The correct answer is False.
Stimulated Raman scattering is a nonlinear optical process in which a photon interacts with a material and is scattered into a different direction with a different frequency. The frequency of the scattered photon is shifted by the energy of an optical phonon, which is a quantized vibration of the crystal lattice. The energy of an optical phonon is typically much lower than the energy of a visible photon, so stimulated Raman scattering does not produce high-frequency optical phonons.
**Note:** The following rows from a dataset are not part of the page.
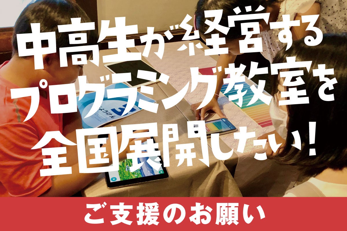 今回のクラファンはその中でも最も特徴的な取り組みである『中高生が経営する小学生向けプログラミング教室』の活動を各地に広げたい!!という思いで実施しています。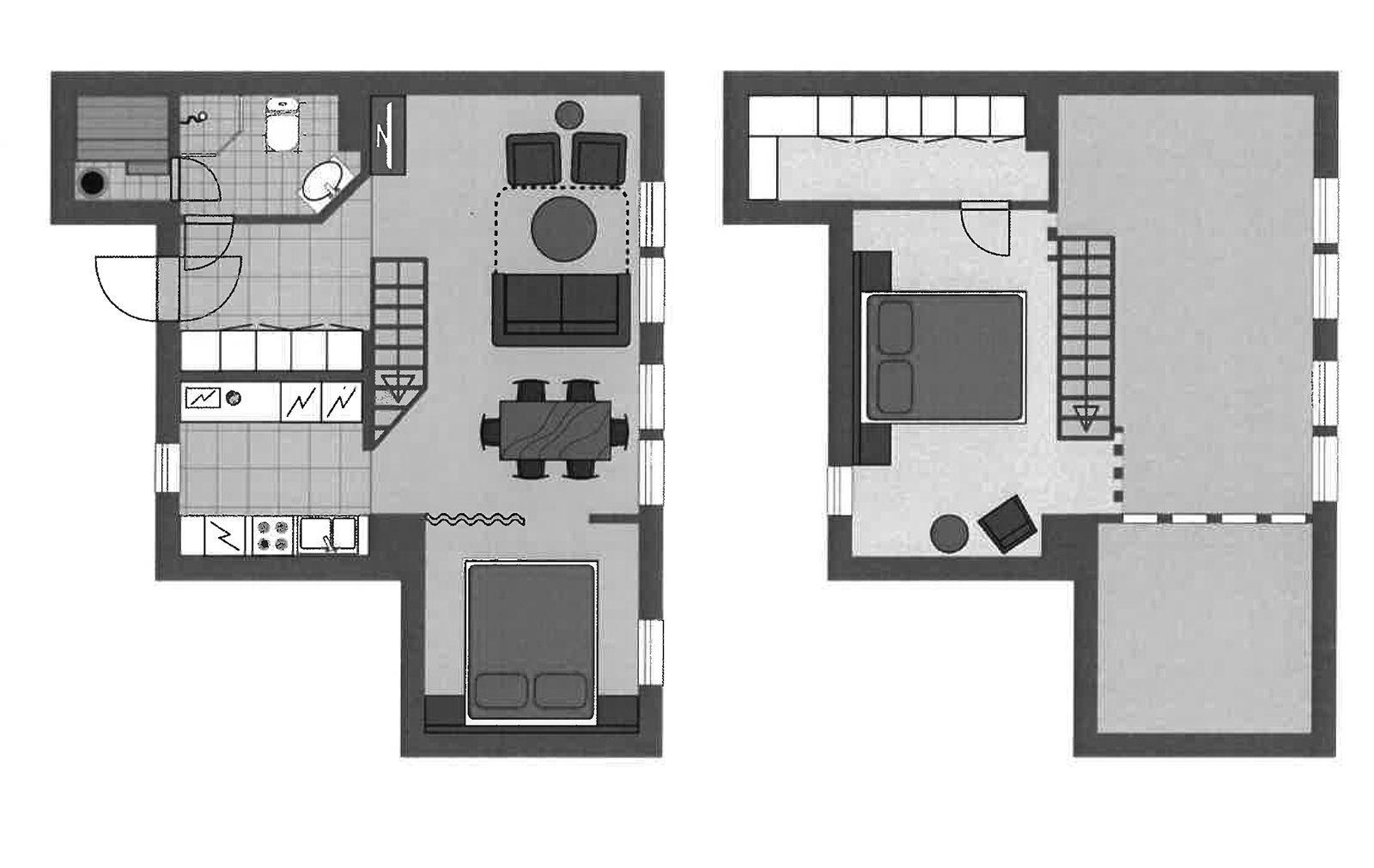 Huoneistoselitelmä: Olohuone, makuuhuone, sauna ja parvella huone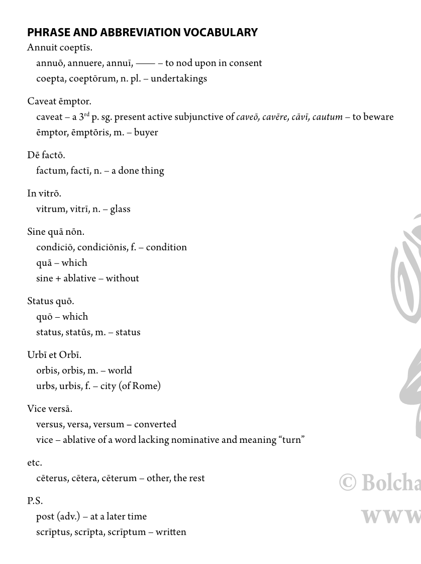etc. An abbreviation for et cētera | arrow_right_alt | “Let (may) the buyer beware!” |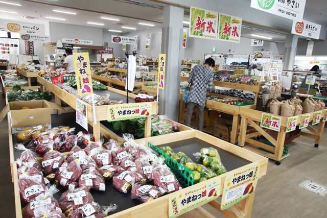 駐車場スペースの左手正面にある産地直売所「ドラゴンちゃん」では、地元農家の新鮮な野菜や果物をはじめ、お米、お弁当や特産品、オリジナル商品などが販売されています。パン工房やイートインスペースもあり、のんびりお買い物ができます。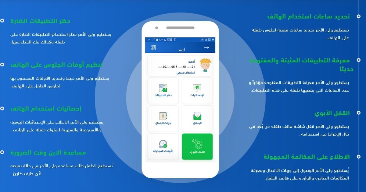 تطبيق أمان المجاني للمتابعة الأبوية لإستخدام الأبناء للأجهزة الذكية https://i.suar.me/7A1ym/l تطبيق أمان يوفر لأولياء الأمور سهولة متابعة إستخدام أطفالهم للهواتف الذكية من خلال الميزات التالية: - تعيين أوقات محددة لاستخدام الأجهزة من قبل الأبناء، لضبط أوقات الاستخدام - معرفة التطبيقات المثبتة والمفتوحة مؤخرا على جهاز الابن وإحصائيات - معرفة المكالمات الصادرة والواردة والرسائل - إشعار ولي الأمر بالاتصال الوارد للابن وقت حدوثه. - توفير ميزة الاشعارات الالية، وطلب الإذن لتنزيل الابن لتطبيق جديد. - امكانية حظر أي من التطبيقات المثبتة ومنع الأبناء من استخدامها وكذلك فك الحظر عنها - توفير ميزة القفل المجدول بأوقات محددة - القفل الأبوي لجهاز الابن: حيث يمكن أولياء الأمور من قفل جهاز الطفل مباشرة وغيرها من الميزات، https://i.suar.me/wvNLM/l تعريف بروشور: http://in2world.be/AmaanApp/AboutAmaan.pdf https://i.suar.me/Vpeqr/l + رابط التطبيق على جوجل بلاى https://play.google.com/store/apps/d...world.aman.com https://i.suar.me/gxz1Q/l |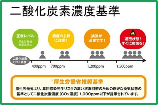 また厚生労働省のガイドラインで定める 「必要換気量」 二酸化炭素濃度1000ppmを超えると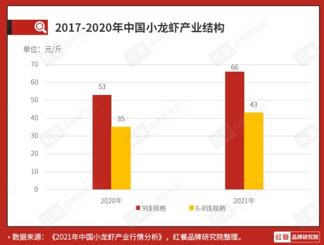 以潛江中國小龍蝦交易中心數(shù)據(jù)為例,潛江市9錢規(guī)格的小龍蝦2020年平均價(jià)格為53元/斤,2021年平均價(jià)格為66元/斤,上升了24.5%;6-8錢規(guī)格小龍蝦2020年平均價(jià)格為35元/斤,2021年平均價(jià)格為43元/斤,上升了23%。
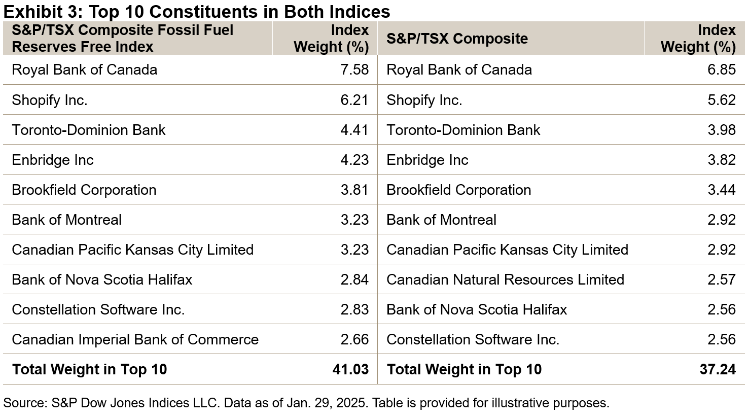 In terms of constituent make up, the exclusions lead to a slightly greater concentration of the top 10 constituents of the S&P/TSX Composite Fossil Fuel Reserves Free Index versus the benchmark. As Exhibit 3 shows, the top 10 stocks collectively have a greater weighting within the fossil fuel reserves free index, owing to fewer stocks to select from given the applied exclusions.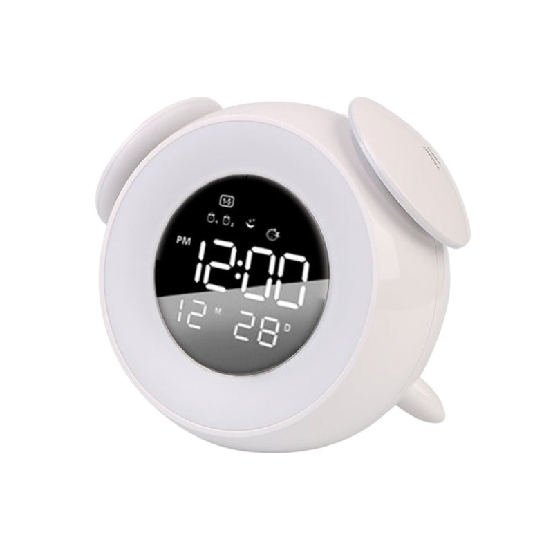 Stel je voor: jouw kind wordt elke ochtend zachtjes gewekt door een vriendelijk geluid en een geleidelijk toenemend licht, klaar voor een nieuwe dag vol avonturen. Deze slimme kinderwekker met nachtlampje is niet zomaar een wekker; het is een multifunctionele metgezel die bijdraagt aan een rustige nachtrust en een fijne start van de dag. Het moderne witte design met de schattige 'oren' past perfect in elke kinderkamer, van de kleinste avonturier tot de beginnende tiener. Het grote, duidelijke digitale display toont niet alleen de tijd, maar ook de temperatuur, zodat je altijd op de hoogte bent van het comfort in de kamer. Dit is dé oplossing voor ouders die op zoek zijn naar een betrouwbare en kindvriendelijke wekker die meer doet dan alleen de tijd aangeven.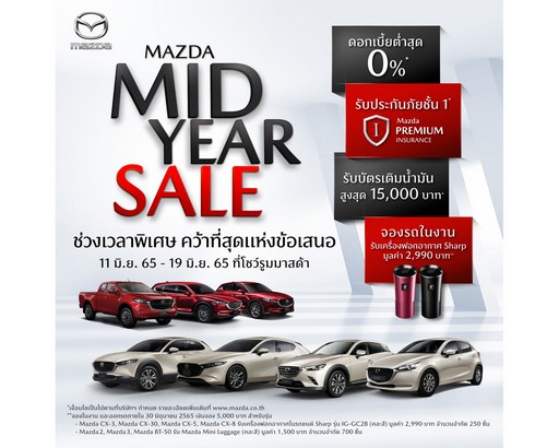 ทั้งนี้ มาสด้าได้เร่งเติมความสุขให้กับลูกค้าในช่วงกลางปี ส่งสองแคมเปญ ทั้ง “MAZDA MID YEAR SALE” ช่วงเวลาพิเศษ คว้าที่สุดแห่งข้อเสนอ ระหว่างวันที่ 11 – 19 มิถุนายน 2565 ให้กับลูกค้าที่ต้องการออกรถใหม่ ดอกเบี้ยต่ำสุด 0%1 ฟรีประกันภัยชั้น 1 Mazda Premium Insurance1 ฟรีบัตรเติมน้ำมันมูลค่าสูงสุด 15,000 บาท1 และรับฟรีของพรีเมี่ยมสุดพิเศษ2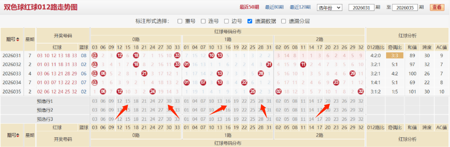 最后在本期的路数比例的回补考虑上,上期012路比例为3:1:2,其中一路号码仅开出1枚(06),处于明显的弱势状态。从路数周期规律来看,一路号码的冷态不会持续太久,本期存在较强的回补需求。预计本期一路号码的出号数量将有所增加,路数比例可能调整为2:2:2或2:3:1,重点关注一区的01、04,二区的13、16,三区的25、28等一路号码,这些号码在近期路数分布中表现相对沉寂,具备较高的回补潜力,可作为本期路数回补策略中的关键参考对象。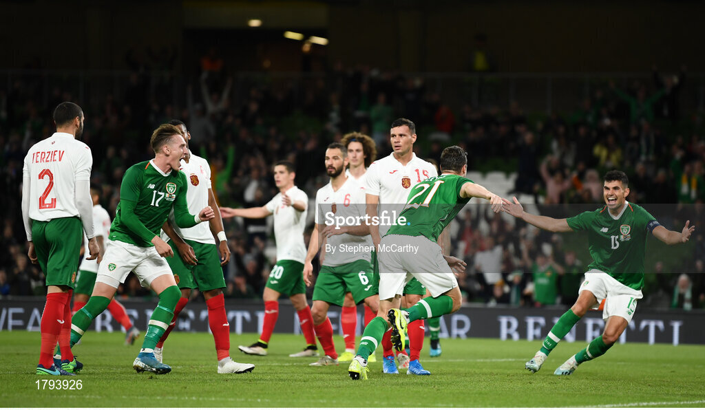 10 September 2019; Kevin Long of Republic of Ireland, 21, celebrates with team-mate John Egan after scoring his side's second goal during the 3 International Friendly match between Republic of Ireland and Bulgaria at Aviva Stadium, Dublin. Photo by Stephen McCarthy/Sportsfile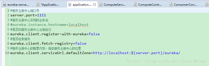 3.在默认设置下,该服务注册中心也会将自己作为客户端来尝试注册它自己,所以我们需要禁用它的客户端注册行为,只需要在application.properties中配置: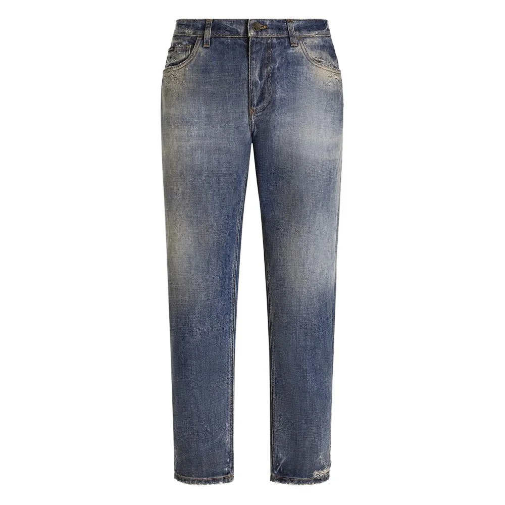 Blue faded effect distressed detailing logo plaque five-pocket styling button fly Gender: Men Material: COTTON: 100.0% Color: BLUE Made in: Italy Product ID: GYJDAD G8NX2 S9001 *Import tax/duty will be calculated at checkout (If applicable)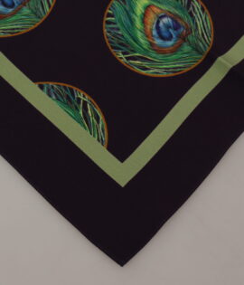 Dolce & Gabbana Black Peacock Feather DG Printed Square Handkerchief Scarf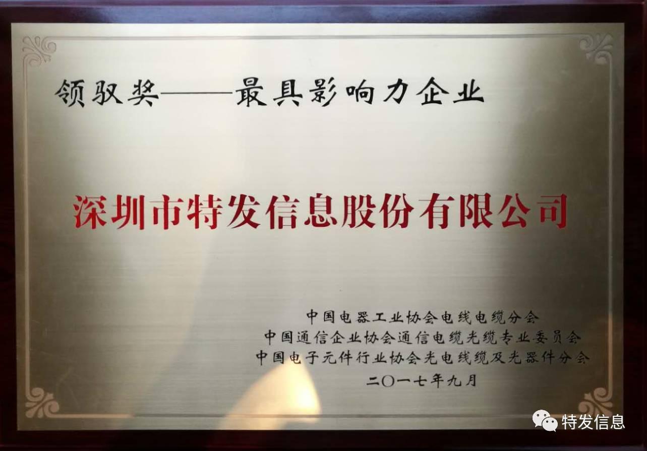 特發(fā)信息獲“最具影響力企業(yè)獎”

In stimulated Raman scattering, a photon with energy $\hbar\omega_1$ interacts with a material and is scattered into a different direction with energy $\hbar\omega_2$. The energy of the scattered photon is shifted by the energy of an optical phonon, $\hbar\omega_\text{ph}$, so we have
$$\hbar\omega_1 = \hbar\omega_2 + \hbar\omega_\text{ph}.$$
The energy of an optical phonon is typically much lower than the energy of a visible photon, so the frequency of the scattered photon is shifted by a very small amount. For example, in the case of silicon, the energy of an optical phonon is about 60 meV, while the energy of a visible photon is about 2 eV. This means that the frequency of the scattered photon is shifted by about 0.03%.
Stimulated Raman scattering is a very important process in many applications, such as optical communications, laser spectroscopy, and materials science. It is also used in some types of medical imaging, such as Raman spectroscopy.